**Task to carry out:** Copy nothing but the lines from the opening of the entries through the line that contains "Corte el centro", exactly as written. Drop the pictures.

##### Excerpted records

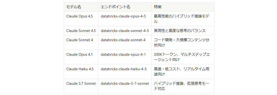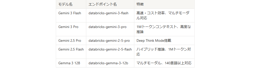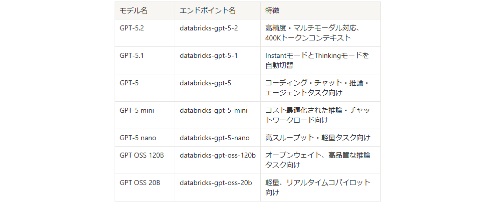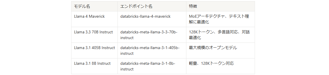 Databricks Model APIsで利用できる主なモデルを紹介します。これらはすべて事前構成されており、ワークスペースですぐに利用可能です。
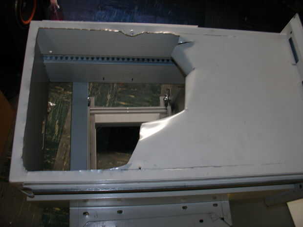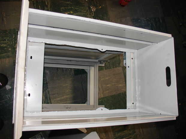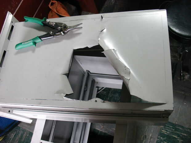 Corte el centro de los cajones que se utilizará para la carne usando tijeras, dejando aproximadamente 1" alrededor de los bordes de la parrilla resto en y una ficha o dos para empernar juntas. Ajustar o cortar la parrilla para colocar y asegurarlo con las arandelas y tornillos y tuercas, las arandelas intercalando la parrilla entre algunos peldaños y la pestaña izquierda alrededor de la parte inferior del cajón.
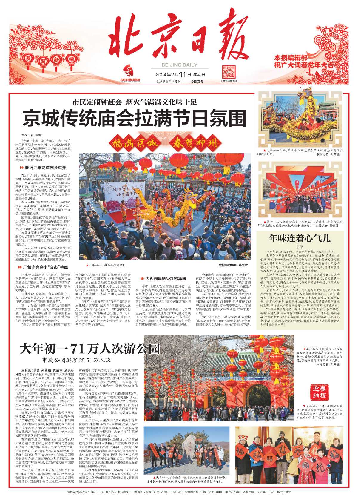 “大年三十熬一宿,大年初一走一走。”昨天是甲辰龙年大年初一,京城各处都是赶会的市民,有的携家带口、有的约上三五好友,在农历新年的第一天来到龙潭、厂甸、大观园等京城久负盛名的庙会现场,体验那热气腾腾的年味。详情>>
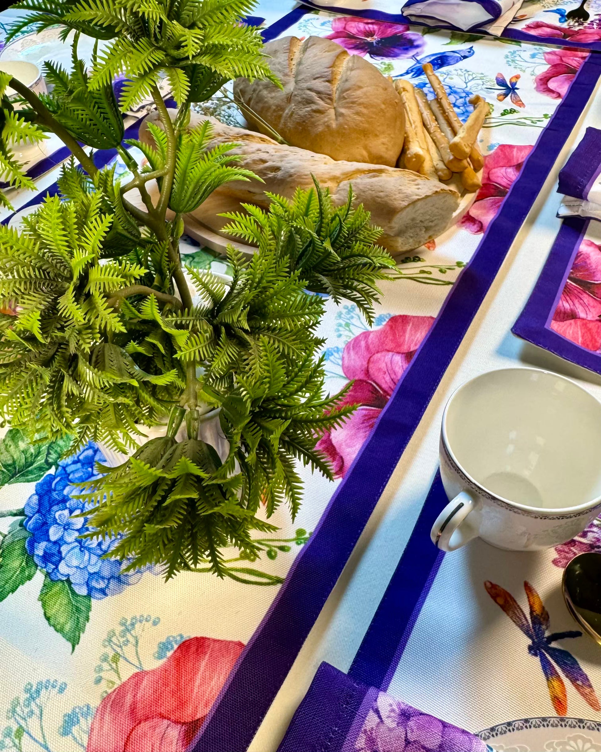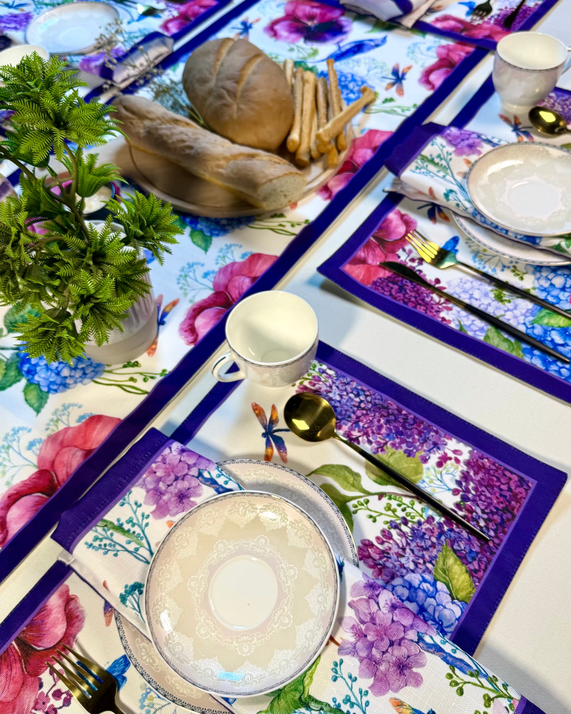 - 9 piece set contains: One (1) Runner of 110 x 15 inches and eight (8) placemats of 12 x 18 inches
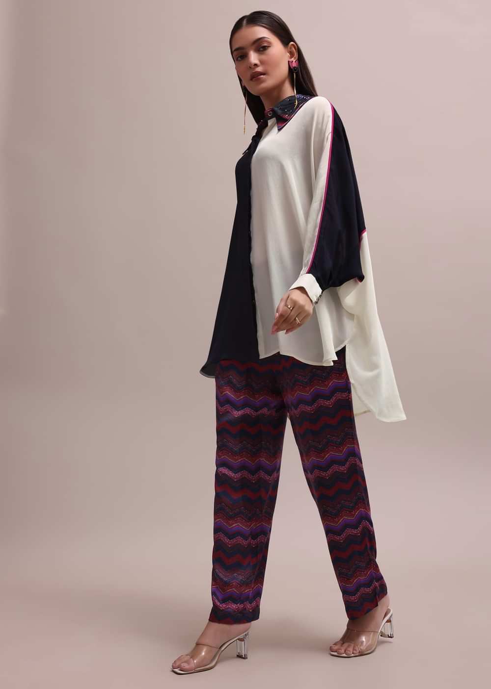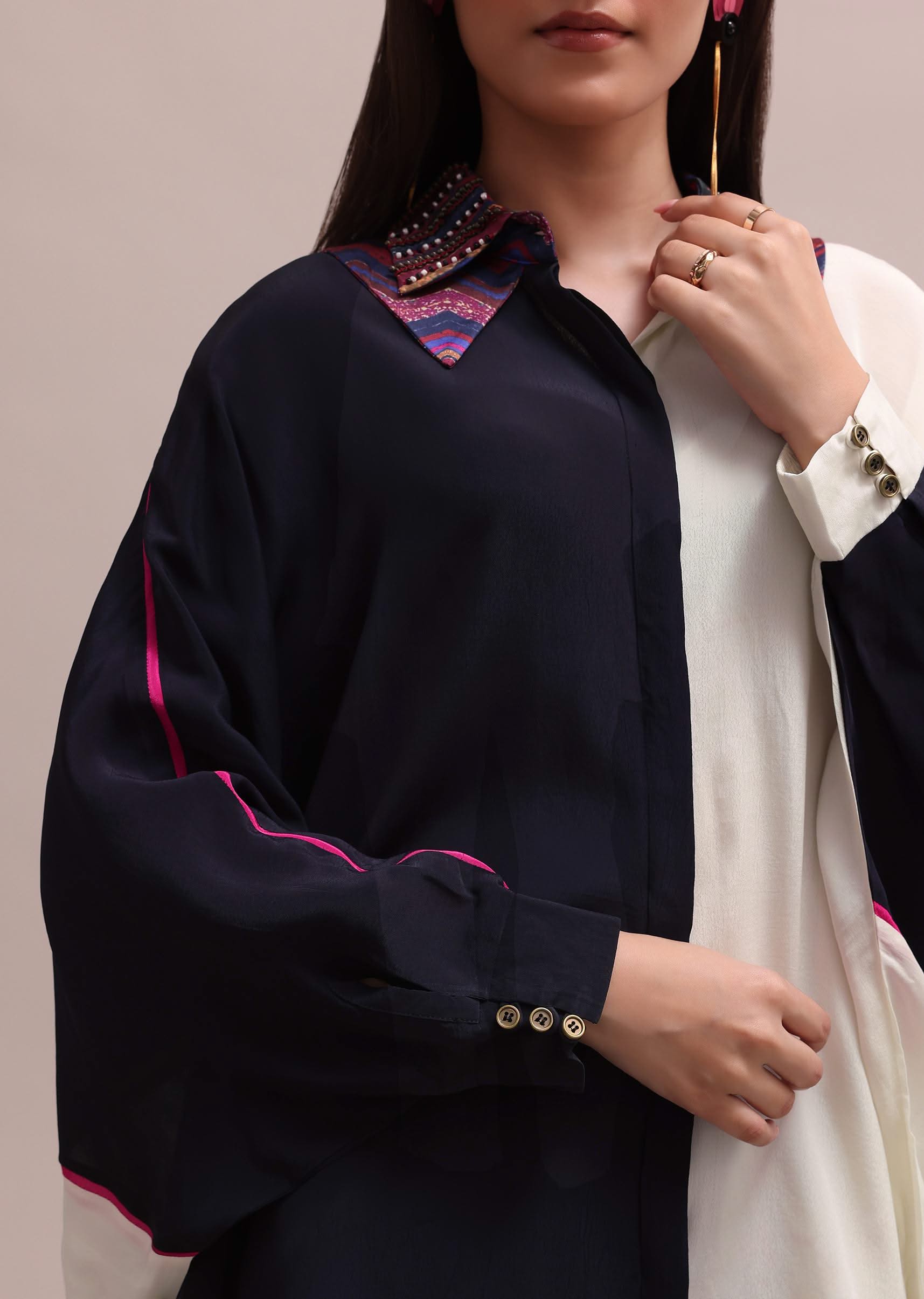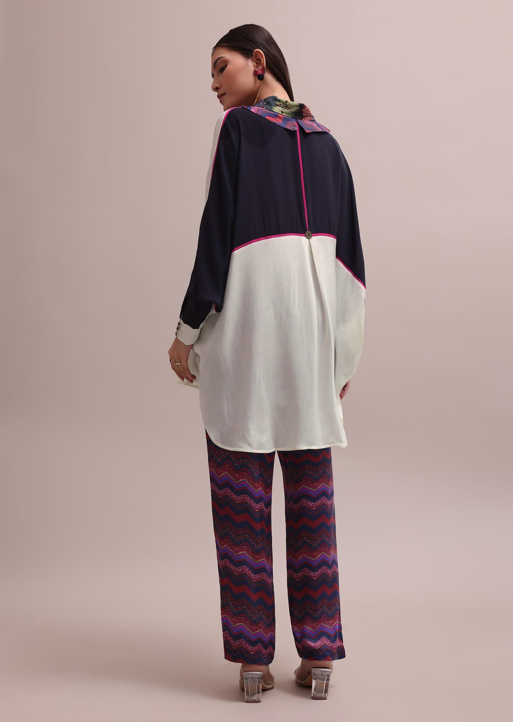 Black And White Color Block Kurta With Embroidered Collar And Striped Crepe Pants Set

##########

**Output below:**
 Databricks Model APIsで利用できる主なモデルを紹介します。これらはすべて事前構成されており、ワークスペースですぐに利用可能です。
 Corte el centro de los cajones que se utilizará para la carne usando tijeras, dejando aproximadamente 1" alrededor de los bordes de la parrilla resto en y una ficha o dos para empernar juntas. Ajustar o cortar la parrilla para colocar y asegurarlo con las arandelas y tornillos y tuercas, las arandelas intercalando la parrilla entre algunos peldaños y la pestaña izquierda alrededor de la parte inferior del cajón.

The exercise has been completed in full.